The government is even proposing that it might be forced to publicly invest more than A$2 billion to expand the 1950s Snowy Mountains Hydro-electric Scheme to avert a long-term energy supply crisis.

How has a country so blessed with energy resources come to this sorry state of affairs?

Put simply, it is because of a massive failure of policy and politics.

Australia – instead of being the envy of the world for both energy self-reliance and wealth from energy exports – is now a case study in all that can go wrong with bad planning, poor decision making and putting politics ahead of the national interest.

For the past two decades, Australian energy policy has been the plaything of politics. In the assumption that Australia could never run short of energy, the chief interest in energy policy has been in political point scoring and ideological games.

With little attention being paid to the long-term consequences for secure energy supplies, energy policy has been used for experiments with privatisation, for power struggles between state governments and between states and the national government and for ideological battles over climate change and the development of renewable energy resources.

What had initially been seen as a bold plan to create an integrated, privatised, east coast energy market has become a hodge-podge of uncoordinated, extremely expensive and utterly dysfunctional systems – problems exacerbated by precipitate, ad hoc policy changes.

At the core of these problems is Australia’s cumbersome federal system which shares key powers between the Commonwealth government based in Canberra and six states and two territory governments each with their own state governments and bureaucracies.

For the past two decades, Australian energy policy has been the plaything of politics

There is a great irony in this for Europeans.

Australian politicians over the decades have poked fun at Europe and Brussels, seen as a cumbersome and ultimately unworkable system. A recent long-serving prime minister, John Howard, even refused to acknowledge the legitimacy of the European Union (EU), preferring to deal with national governments rather than Brussels.

Yet, he presided over an Australian federal system every bit as messy and unmanageable as the EU, without any significant reform to it.

The energy crisis in Australia smashed into the national consciousness late last year when the state of South Australia was completely blacked out by a massive storm.

The state had moved to a heavy reliance on wind-power, which opponents of renewable energy blamed for the disaster. But it subsequently emerged that a privately owned gas-fired power station in the neighbouring state of Victoria, which should have provided backup power to keep the lights on, refused to do so because of the cost of firing up extra capacity.
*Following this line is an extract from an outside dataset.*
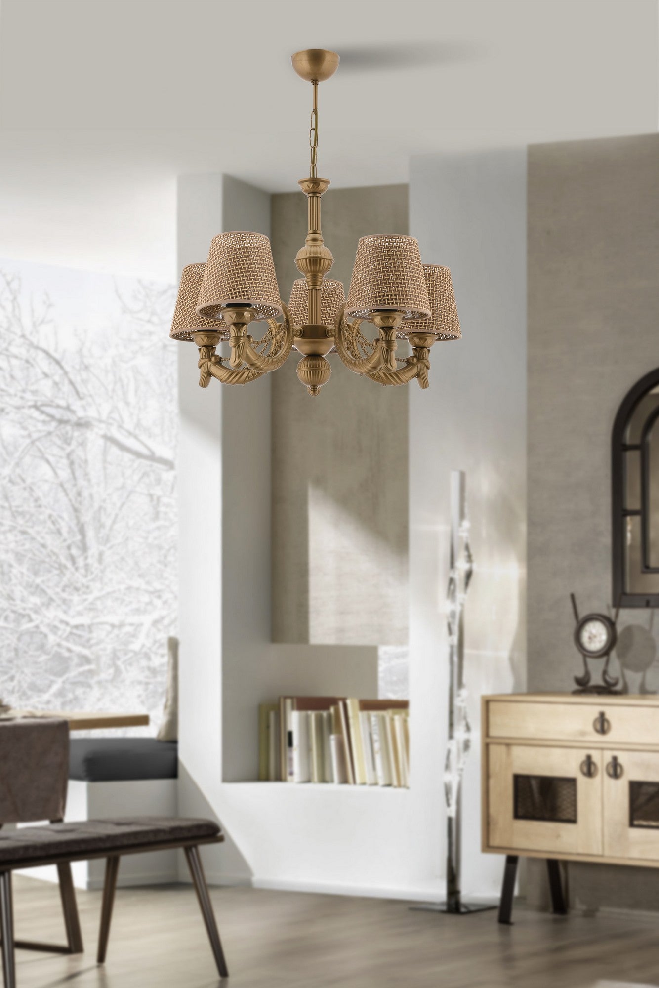 Transforme seu espaço de estar em um refúgio luxuoso e elegante com nosso lustre deslumbrante. A intrincada corpo de metal e tampa de tecido exala sofisticação e estilo, tornando -o a peça central perfeita para qualquer sala.

The incident triggered ugly political recriminations – but also a realisation that there is a looming national shortage of gas for domestic use because the bulk of Australia’s gas production is exported.

Suddenly, it dawned on policy makers that so much gas is being exported that the looming winter demand in eastern Australia will be greater than the gas available for domestic use.

An emergency meeting of private gas company executives with the Prime Minister, Malcolm Turnbull, resulted in undertakings from two of the biggest – Shell and Origin Energy/ConocoPhillips Australia Pacific – to increase their production to try to avoid blackouts in Sydney, Melbourne, Brisbane and Adelaide – the big east coast cities.

Longer term, there is even a suggestion that it might be necessary to build a re-import facility to ship gas back to Australia from Japan to meet domestic needs.

But these are stop-gap measures and much bigger questions about the future of Australia’s energy system remain mired in domestic political partisanship over how best to deal with the now urgent challenge of developing a reliable domestic supply system, maintain Australia’s lucrative energy export industries and meet its international responsibilities to deal with climate change.

Disagreements about the appropriate balance between reliance on fossil fuels and shifting to renewable sources of energy also remain. There is a deep divide between Australian conservatives and progressives about how – or even whether – Australia should be making this transition, given the vast resources of fossil fuels yet to be exploited.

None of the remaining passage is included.